■ Provided material:
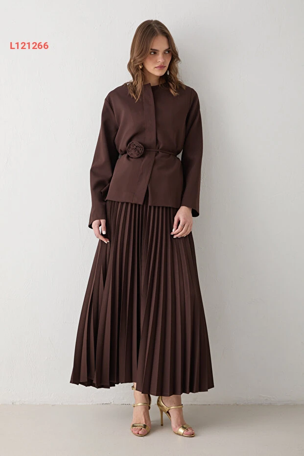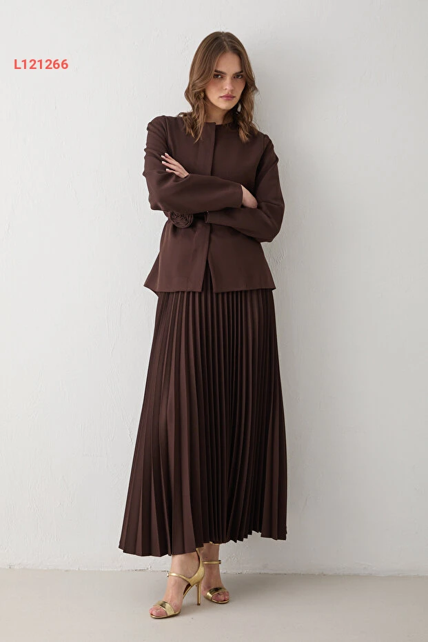 استمتع بأناقة لا مثيل لها مع مجموعة Melike Tatar، التي تجمع بين البليزر الأنيق والتنورة المميزة بتصميم plisé الجذاب. يتميز هذا الطقم بجودة عالية وراحة استثنائية، مما يجعله الخيار المثالي للمناسبات الرسمية أو الاستخدام اليومي مع لمسة من الأناقة. تألقي بثقة واختاري هذا الطقم الذي يجسد الذوق الرفيع والأناقة العصرية.
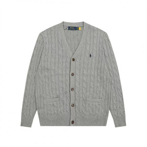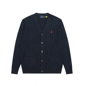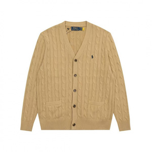 跨境外贸RL拉夫V领小马刺绣麻花针织开衫经典基础百搭四季款男女
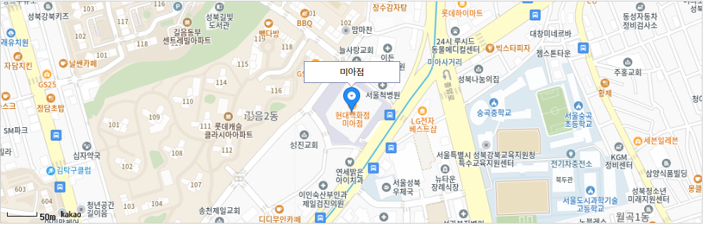 미아점 주소 서울특별시 성북구 동소문로 315 / 서울특별시 성북구 길음동 20-1
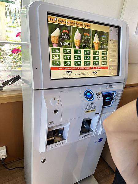 牧場知名的冰淇淋有兩種, 分別為牛奶冰淇淋及義式冰淇淋, 皆需要從販賣機點餐印出票券後,
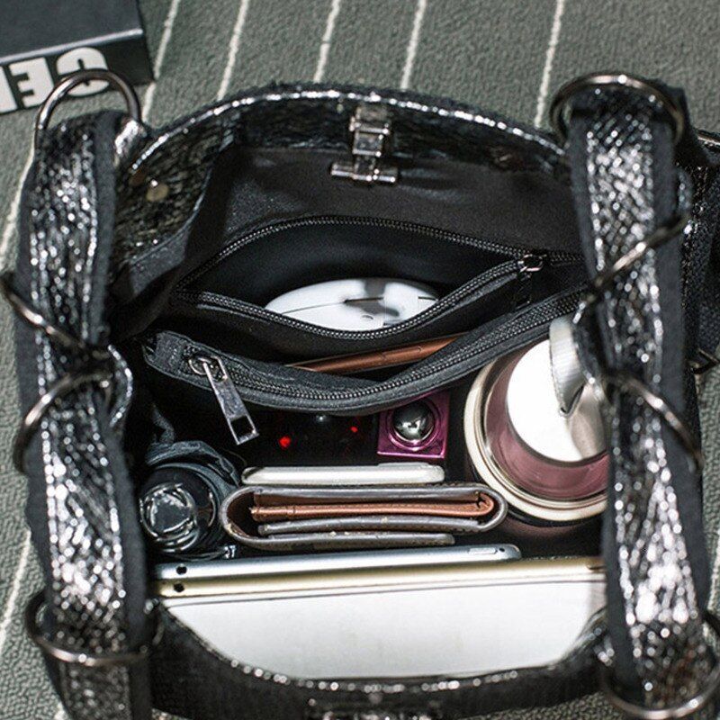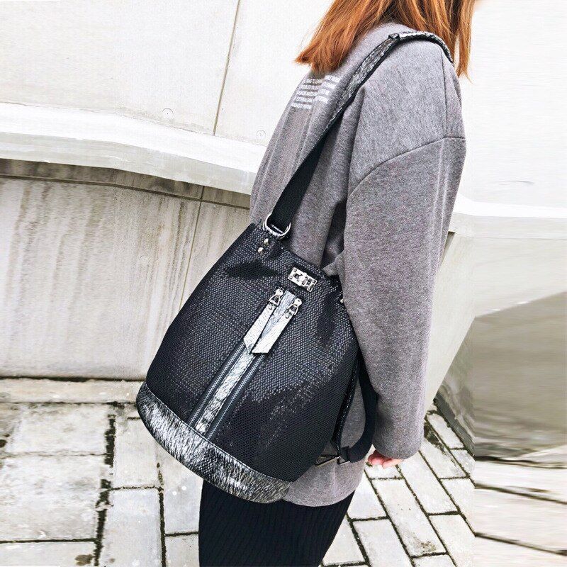 Sequins Leather Laptop Backpack Personality Lock Anti Theft Travel Back Pack 1PC
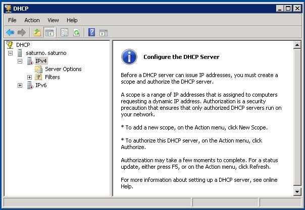 Observese que no hay scopes y que el server no está autorizado por AD. Ahora bien, al ejecutar el comando, no pueden darse errores, ya que la ejecución es binaria, es decir, o se completa totalmente o falla por completo.
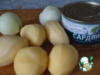 Основные продукты. Я взяла 2 луковицы, потому что они очень маленькие. Картофель и лук очистить. |
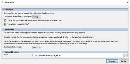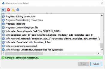 Przechodzimy do okna wyboru parametrów i generowania kodu RTL. Okno dzieli się na dwie części: konfigurację kodu HDL (wykorzystywanego do syntezy) oraz implementację. W obydwu częściach wybieramy język Verilog. Na samym dole mamy możliwość wybrania ścieżki (Path). Pliki będą umieszczone w dodatkowym folderze, o takiej nazwie jak nazwa IP. Klikamy Generate (generuj). Pojawi się okienko (rysunek 9), w którym zostaniemy poinformowani o wykonywanych czynnościach, a gdy się zakończą, klikamy przycisk Close. Ostatnim krokiem jest dodanie do projektu pliku adc.qip, z katalogu synthesis.
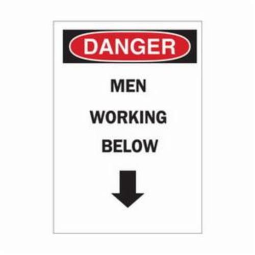 Brady Machine and Equipment Sign, Rectangular, Header: DANGER, Symbol/Text Legend, Legend: MEN WORKING BELOW with Down Arrow Symbol, B-401 Polystyrene, Corner Hole Mounting, 14 in Height, 10 in Width, Black/Red on White Legend/Background
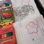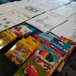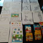 - Na stole leżą kartki z kolorowankami, pracami grafomotorycznymi, obok leżą pudełka z kredkami.
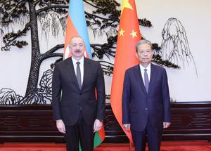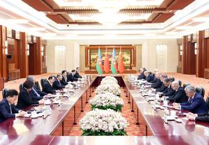 (250423) -- BEIJING, 23 abril, 2025 (Xinhua) -- El presidente chino, Xi Jinping, y el presidente azerbaiyano, Ilham Aliyev, firman...
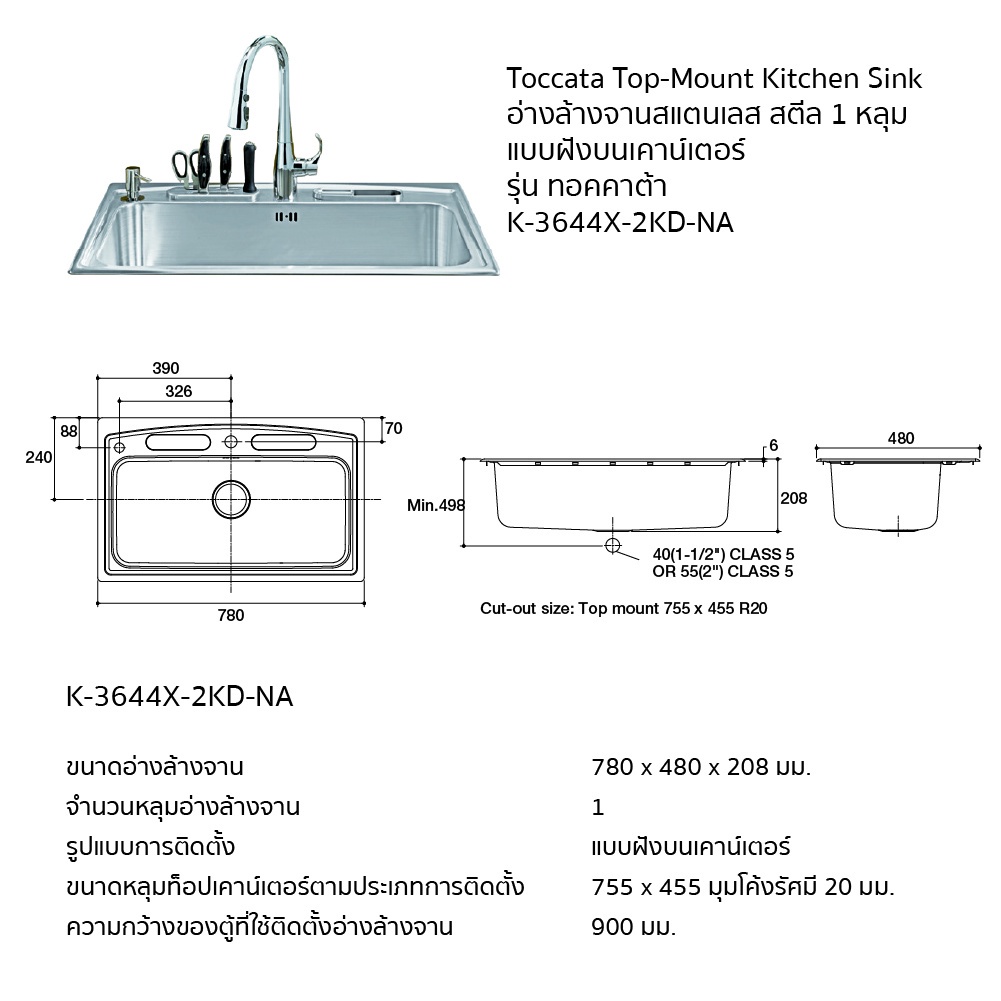 ประเภทการติดตั้ง : ฝังบนเคาน์เตอร์

■ Task prompt: An exact copy of the data above is required, printed without its pictures.

■ Task output:
 استمتع بأناقة لا مثيل لها مع مجموعة Melike Tatar، التي تجمع بين البليزر الأنيق والتنورة المميزة بتصميم plisé الجذاب. يتميز هذا الطقم بجودة عالية وراحة استثنائية، مما يجعله الخيار المثالي للمناسبات الرسمية أو الاستخدام اليومي مع لمسة من الأناقة. تألقي بثقة واختاري هذا الطقم الذي يجسد الذوق الرفيع والأناقة العصرية.
 跨境外贸RL拉夫V领小马刺绣麻花针织开衫经典基础百搭四季款男女
 미아점 주소 서울특별시 성북구 동소문로 315 / 서울특별시 성북구 길음동 20-1
 牧場知名的冰淇淋有兩種, 分別為牛奶冰淇淋及義式冰淇淋, 皆需要從販賣機點餐印出票券後,
 Sequins Leather Laptop Backpack Personality Lock Anti Theft Travel Back Pack 1PC
 Observese que no hay scopes y que el server no está autorizado por AD. Ahora bien, al ejecutar el comando, no pueden darse errores, ya que la ejecución es binaria, es decir, o se completa totalmente o falla por completo.
 Основные продукты. Я взяла 2 луковицы, потому что они очень маленькие. Картофель и лук очистить. |
 Przechodzimy do okna wyboru parametrów i generowania kodu RTL. Okno dzieli się na dwie części: konfigurację kodu HDL (wykorzystywanego do syntezy) oraz implementację. W obydwu częściach wybieramy język Verilog. Na samym dole mamy możliwość wybrania ścieżki (Path). Pliki będą umieszczone w dodatkowym folderze, o takiej nazwie jak nazwa IP. Klikamy Generate (generuj). Pojawi się okienko (rysunek 9), w którym zostaniemy poinformowani o wykonywanych czynnościach, a gdy się zakończą, klikamy przycisk Close. Ostatnim krokiem jest dodanie do projektu pliku adc.qip, z katalogu synthesis.
 Brady Machine and Equipment Sign, Rectangular, Header: DANGER, Symbol/Text Legend, Legend: MEN WORKING BELOW with Down Arrow Symbol, B-401 Polystyrene, Corner Hole Mounting, 14 in Height, 10 in Width, Black/Red on White Legend/Background
 - Na stole leżą kartki z kolorowankami, pracami grafomotorycznymi, obok leżą pudełka z kredkami.
 (250423) -- BEIJING, 23 abril, 2025 (Xinhua) -- El presidente chino, Xi Jinping, y el presidente azerbaiyano, Ilham Aliyev, firman...
 ประเภทการติดตั้ง : ฝังบนเคาน์เตอร์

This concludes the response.